As early as June 30th, 2023, the first domestic “Flywheel Energy Storage + Million-Kilowatt-Level Intermediate Reheat Gas Turbine Unit Joint Frequency Regulation” project was officially launched in Laiwu, Jinan. A large electric gyroscope, 1.5 meters tall and 50 centimeters in diameter, spins rapidly at speeds of up to 15,000 revolutions per minute, marking a breakthrough in flywheel energy storage technology development. In Shandong, every breath of air and every drop of water can “generate electricity.” These new energy storage technologies are crucial support for achieving the “dual-carbon” goal, fostering new energy formats domestically, and seizing strategic high grounds internationally.

By the end of 2023, Shandong’s scale of new energy storage had reached 3.75 million kilowatts, ranking first in the country. In 2023, Shandong added more than 15 million kilowatts of new energy installations, reaching a historical high; cumulative installations surpassed 91 million kilowatts, ranking first in the country in both photovoltaic power generation and new energy storage installations.

Despite the fierce competition in the new energy storage sector, social capital is clearly optimistic about the future. They are entering the fray with substantial investments.

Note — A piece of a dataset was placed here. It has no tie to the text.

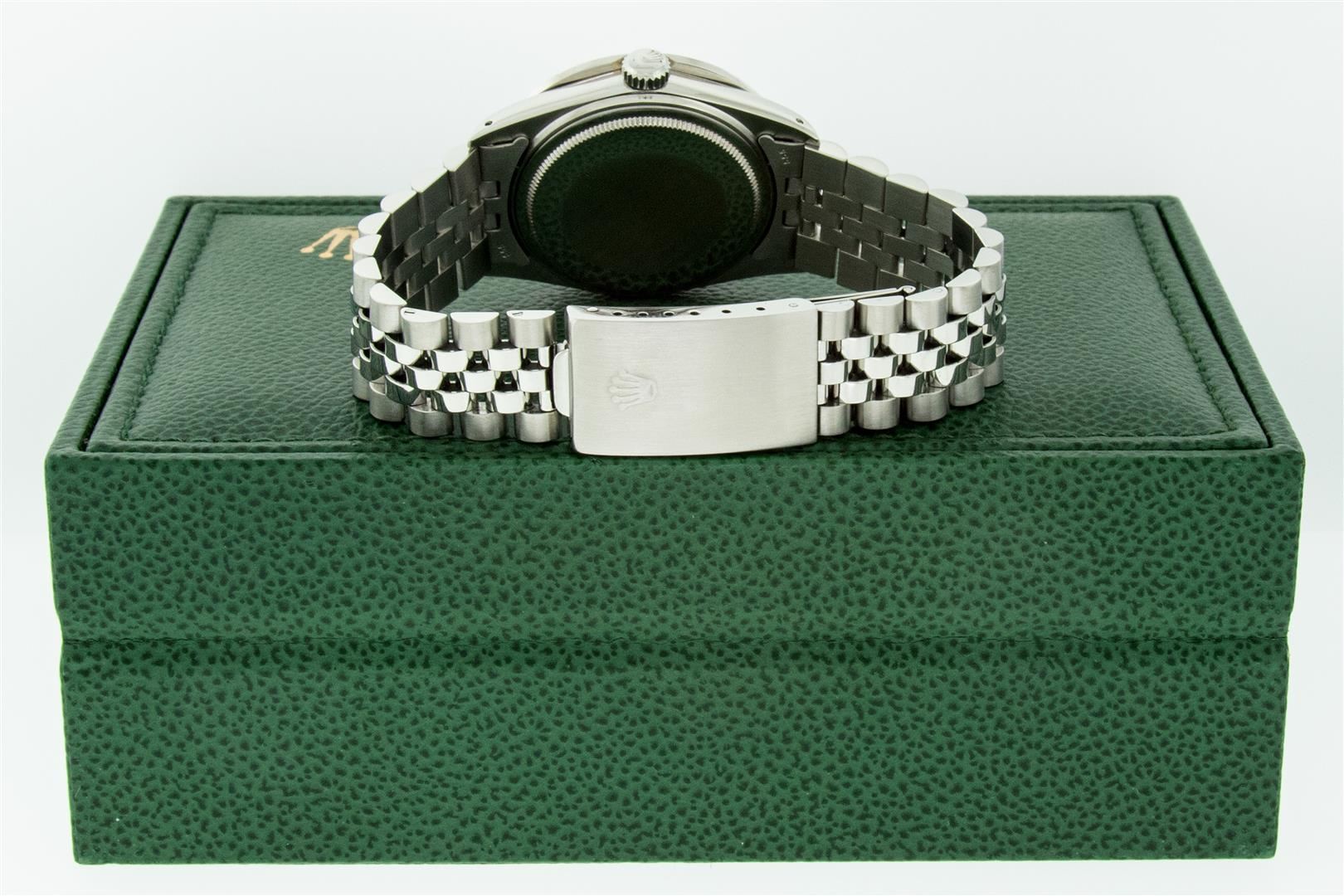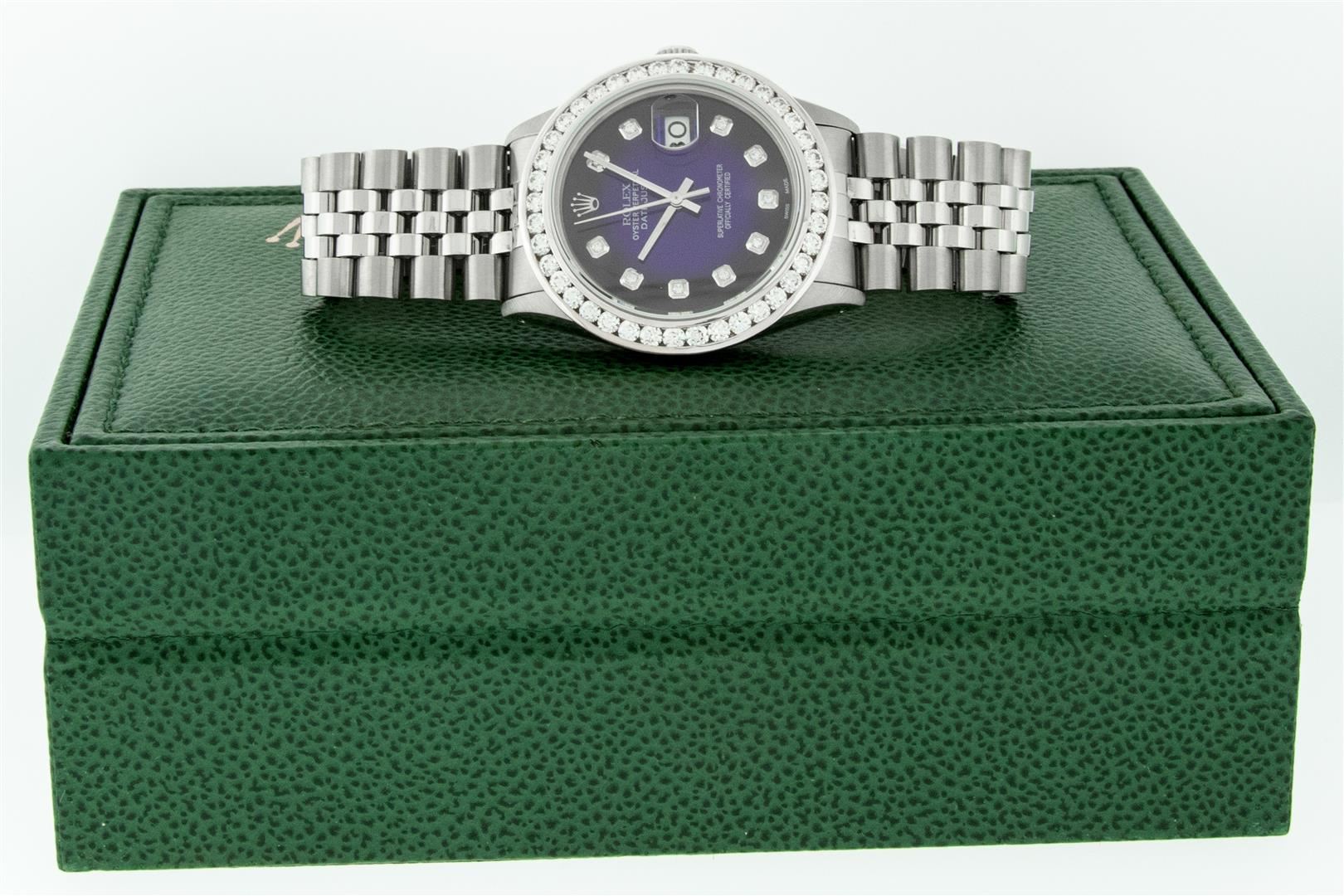 One Men's Stainless Steel Rolex Datejust Polished Bright with Satin Finish, Fully Serviced & Electronically Tested, Stainless Steel Case: 36mm, Rolex Stainless Steel Crown, Custom Bezel: New 18K White Gold 3.00 Ctw Diamond Bezel, Diamond Count: 40 Diamonds, Total Weight 3.0 Carat, Clarity: SI-VS, Color: G to H. Custom Crystal: New Sapphire With Magnified Date Window. Custom Hands: New Luminescent Hands. Rolex Movement: Automatic Winding Movement. Custom Dial: Refinished To Blue Vignette With Added Diamond Hour Markers, 10 Diamonds in Dial, G To H In Color, Clarity: SI-VS. Date Window: 3 O'clock Position Date Display, Quickset, Model: Datejust 36mm, Condition: G-6 Extra Fine. Rolex Bracelet: Rolex Stainless Steel Jubilee Band. Bright Polish & Satin Finish. 7.0 Inch Length, Adjustable. Standard Clasp, With Rolex Logo. This Pre Owned Watch Has Been Serviced And Polished It Is Free Of All Scratches And Dents. This Watch Comes With A Rolex Box.

According to enterprise data, on February 21st, China Electrical Equipment Group Energy Storage Technology Co., Ltd., was officially established with a registered capital of 2 billion dollars, focusing on energy storage technology services, battery manufacturing, sales of charging piles, and transmission and distribution businesses. The company aims to become the top player in the industry, leading state-owned enterprises in the energy storage business to move towards a world-class level, and attracting investment from 8 companies including CATL.

Industry experts told that the new energy storage sector is attracting a “crazy” influx of capital. Since 2023, financing amounts for energy storage enterprises such as Rongke Energy Storage, Sodium Innovation Energy, Weijing Energy Storage, Electrician Home, Lujia Energy, Precision Control Energy, Xingyuan Borui, and Yun Storage New Energy have all exceeded 100 million dollars. Everyone clearly sees a bright future for the energy storage industry. In 2024, market competition will intensify further as opportunities and challenges coexist in the new energy storage race. Who will have the last laugh and emerge as the ultimate winner? The market is eagerly waiting to find out.